Click to view attachment
Ron Hobbs
What a beautiful rock!!!

wheel.gif wheel.gif wheel.gif
Phil Stooke
Jan's full panorama in circular format.

Phil

Click to view attachment
eliBonora
Sol 930, some processing:




and anaglyph
serpens
Outstanding work Elizabeth.
PaulH51
The Garden City mineral veins, rotated and shown in context

Click to view attachment

Links :-
Large 1024 (1024 x 423)
Large 1600 (1600 x 661)
Large 2048 (2048 x 846)
Original (6985 x 2887)

Edit: Apologies, posted to wrong section, can mods please relocate the post?
Gerald
Sol 930 Right Mastcam image of a dump pile, probably of the Telegraph Peak drill powder.
This simplifies arm movements, e.g. for MAHLI wheel imaging, and opens an option for a next drilling.

With respect to the Garden City MAHLIs, here an annotated crop of this Sol 930 MAHLI:
Click to view attachment
With an interpretation of the darker phase as partially brecciated mudrock, having lithified a little faster than the light-toned fine-grained phase, I could get a more or less consistent view of the image. Both phases look rather resistant to erosion by considering the angularity of the surface; the darker phase maybe a little more resistant than the light-toned phase. Each of the two presumed phases may vary a bit in composition.

The part which doesn't like to fit easily into this interpretation are the parallel-looking features I've annotated by green lines.

Initially I've been looking for cleavages to narrow down mineralogy, but instead found these linear structures, which don't seem to care too much about the remaining structuring of the rock.
neo56
My take on MAHLI close-up on those mineral veins. Images are corrected from artifact and color corrected:



tdemko
QUOTE (Gerald @ Mar 21 2015, 10:21 AM) *
The part which doesn't like to fit easily into this interpretation are the parallel-looking features I've annotated by green lines.


The features that Gerald has highlighted look like healed fractures; that is, fractures that formed by a propagating crack tip but were not subsequently propped open by fluid or precipitating mineralization. They would have closed, reversing the extensional, opening mode void. The cross-cutting relationships suggest that this was an earlier fracturing episode since they terminate against the mineralized fractures (veins).
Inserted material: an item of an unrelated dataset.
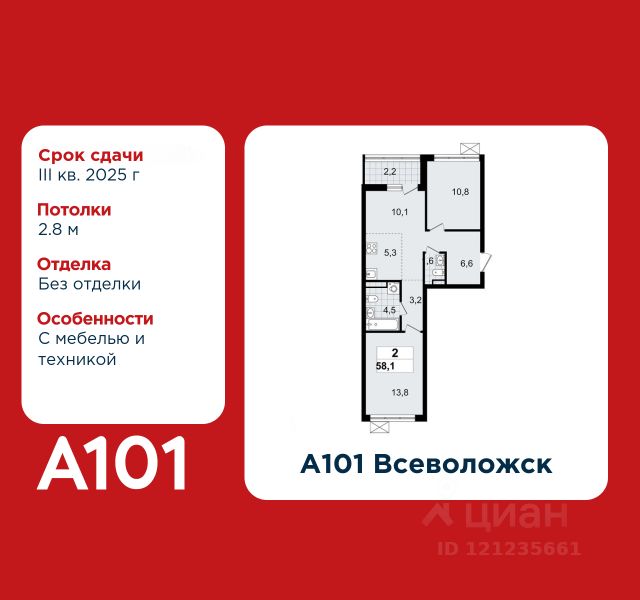 2-комнатная квартира площадью 39.60 в ЖК "А101 Всеволожск" c лоджией на 5 этаже. Квартира white box. Вид из окна во двор. В квартире 1 санузел. Высота потолков 2.8 м. Ключи в 2025 году. Предложения от застройщика на октябрь 2025: - Гибкая рассрочка 20 000 руб/мес. и первым взносом 10%. ОТДЕЛКА Квартира с предчистовой отделкой предполагает: качественную стяжку на полах под финишное покрытие, потолок с обеспыливающей грунтовкой белого цвета, ровные стены с покрытием штукатурка. Выполнены все работы по проведению электрики. На все отделочные работы от застройщика предоставляется гарантия. Если вы хотите дозаказать дизайнерскую отделку, обращайтесь к нашими специалистами. ОСОБЕННОСТИ ПЛАНИРОВКИ ПАРАДНАЯ В каждой парадной предусмотрены места для хранения велосипедов и колясок, гостевой санузел, лапамойка (место для мытья домашних животных или колес велосипедов) и удобная зона ожидания для гостей. ДВОРЫ И ОКРУЖЕНИЕ Просторные дворы свободны от машин и закрыты от посторонних. Большую часть комплекса займут благоустроенные зелёные зоны, теневые сады и городские общественные пространства с развитой тротуарной сетью и велодорожками. Каждый дом оборудован системами видеонаблюдения и контроля доступа. Не хватает средств на покупку кладового помещения? Оформите ипотеку на квартиру и добавьте к ней часть стоимости кладовой. ЗАСТРОЙЩИК ГК "А101" - крупный инвестиционно-строительный холдинг, занимает 6-е место по объему строительства в России (по данным "Единого ресурса застройщиков" на 2023 год). НКР присвоило ГК "А101" кредитный рейтинг A+.ru, подтверждая его надежность и финансовую устойчивость для завершения строительства ЖК. Продам 2-комнатную квартиру в новостройке с отделкой в Всеволожске.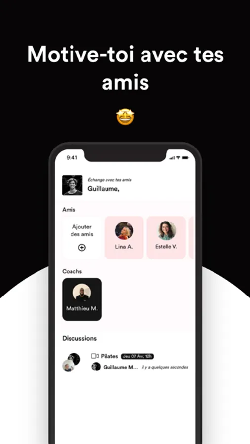 Discutez en direct avec vos coachs et vos amis, sélectionnez les cours qui vous donnent envie, mettez à jour votre Rubrique “Santé“, répondez aux tests, et pleins d’autres fonctionnalités pour améliorer au maximum vos performances physiques !

The fracture faces of these features seem to have been slightly mineralized (Gerald's parallel-looking features), making them a bit more resistant to erosion and stand out in relief.
Gerald
That sounds plausible. Thanks a lot for helping over this hurdle!
Floyd
Mars is full of serendipity. You spend 6 months throughly exploring and studying a scientifically important area (Pahrump Hills), then hit the road and travel less than 100m before finding Garden City.

To explore Mars with less chance of driving by unseen treasures (just 100m away behind a hill or in the next canyon over), it would be nice to have a swarm or rovers or a rover with a drone scout rolleyes.gif
jvandriel
The MASTCAM R view on Sol 929.

Jan van Driel

Click to view attachment
PaulH51
Another take on the extended R-MastCam mosaic from sol 929. I tried to add the images from 926, but had stitching issues, working on resolving those (edit : link repaired)



Link 1024 x 556
Link 2048 x 1112
Link 8488 x 4608
atomoid
whimsical wisp in foreground sol929
Click to view attachment
Habukaz
QUOTE (Floyd @ Mar 22 2015, 01:54 PM) *
it would be nice to have a swarm or rovers or a rover with a drone scout rolleyes.gif


Luckily, the drone scout might just be on its way. wink.gif
Gerald
A (probably failed) attempt to find fluorescence in the Sol 935 MAHLI night shots:

Starting from this Sol 935 MAHLI white LED night shot, RGB channel-wise histo stretch returned this image:

Starting from this Sol 935 MAHLI uv LED night shot, perliminary cleaning by subtracting a Sol 910 night image without LED returned this image

then RGB channel-wise histo stretch returned this one:

Subtraction of the histo stretched white LED image from the cleaned and histo stretched uv LED image returned this image:

Histo stretch of the difference image returned this result:



In the latter image I wasn't able to indentify fluorescence or phosphorescence uniquely.
Most variations are probably due to shadows and slightly different positions of the LEDs (my preliminary interpretation).